He was right. From retail to banking to entertainment, software ate industry after industry, chewing up antiquated analog systems and spitting out sleek digital interfaces.

It was an economic and business-model revolution.

But that revolution has evolved, and where it stands today recalls another quote, this one from Jacques Mallet du Pan, a royalist during the French Revolution:

The Revolution devours its children.

Artificial intelligence is getting so capable – and so cheap – that it’s about to eat software itself. And this isn’t a distant “someday” risk. It’s already beginning.

Let’s go to Bloomberg from yesterday:

Growing worries that artificial intelligence tools could soon disrupt the world’s biggest software businesses are sparking a selloff across the sector.

A 30% plunge in Monday.com Ltd. shares grabbed investor attention in Europe on Tuesday, with some analysts saying the drop reflected concerns over the long-term competitive threat of AI as much as results that failed to meet higher investor expectations.

Such worries fueled big losses across the sector.

Wall Street isn’t just reacting to quarterly misses. Investors are starting to price in the possibility that AI can replicate – or even replace – core software businesses, at near-zero marginal cost.

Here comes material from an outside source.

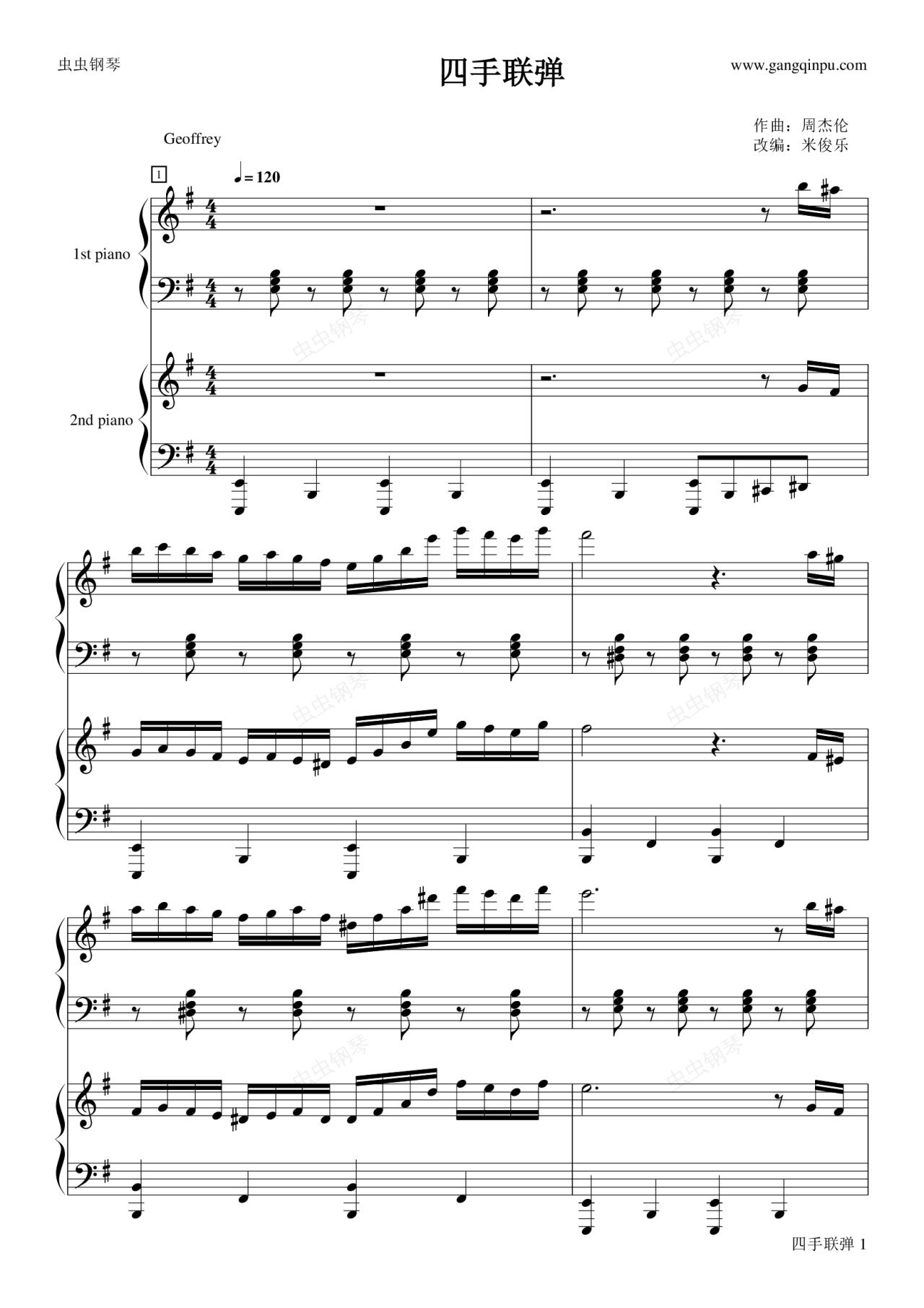 四手联弹--不能说的秘密 请管理员上传这个谱子,上一个谱子没有做好,有错音,不上传了,谢谢!

Let’s go to our technology expert Luke Lango in yesterday’s Innovation Investor Daily Notes:

Last week’s launch of ChatGPT-5 — alongside Grok 4 a few weeks prior — confirmed that foundational AI models are evolving at breakneck speed.

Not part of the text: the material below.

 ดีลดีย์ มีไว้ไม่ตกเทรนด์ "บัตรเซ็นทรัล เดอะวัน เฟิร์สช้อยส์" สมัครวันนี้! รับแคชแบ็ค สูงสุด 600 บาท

ChatGPT-5 can literally build a functional, custom language-learning app in minutes.

This is game-changing for application developers… but it’s also a wrecking ball for entry-level enterprise software.

Why pay for an expensive AI marketing automation tool when your team can just fire up ChatGPT-5 and do it themselves — faster, better, and cheaper?

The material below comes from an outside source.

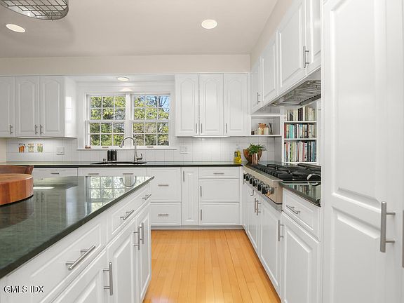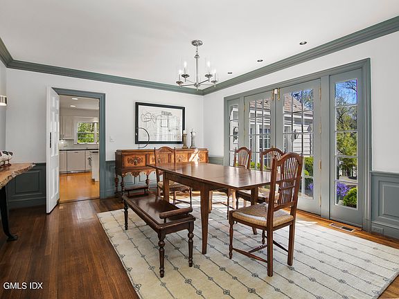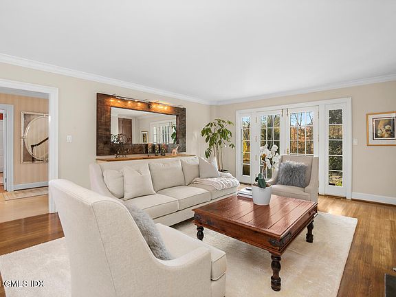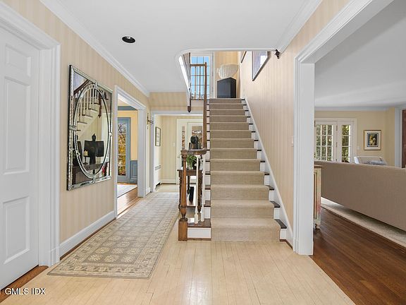 Stone and clapboard pre-war Georgian with thick slate roof, completely updated and expanded, on nearly 2 acres with beautiful landscape and heated pool. Front-to-back entry, charm throughout, lovely formal rooms with French doors to stone patio. Kitchen with walk-in pantry and large island is open to family room with soaring ceiling and fireplace. Elegant balcony on 2nd floor hall landing offers amazing vistas of the sweeping grounds. Master bedroom suite with oversized dressing area and double bathrooms. First floor guest suite plus separate outbuilding, perfect for home/away office, gym, art studio or guest house. New systems including HVAC and generator. Ready to move-in and enjoy the Round Hill Road lifestyle.

The same way AI has wiped out entry-level jobs, it’s now threatening to wipe out entry-level AI software companies.

The disruptors are becoming the disrupted. That’s how fast this space is moving.

This is the same cycle of creative destruction that’s played out for centuries. The difference is that it’s now happening at an accelerating rate…and to yesterday’s tech.

So, what are the investment action steps?

Two things immediately pop up:

  1. Avoid/Sell: Beware of companies whose moat is purely feature-based software – especially in design, content creation, or project management. They’re at high risk.

If their only defense is “AI can’t do it yet,” they’re on borrowed time.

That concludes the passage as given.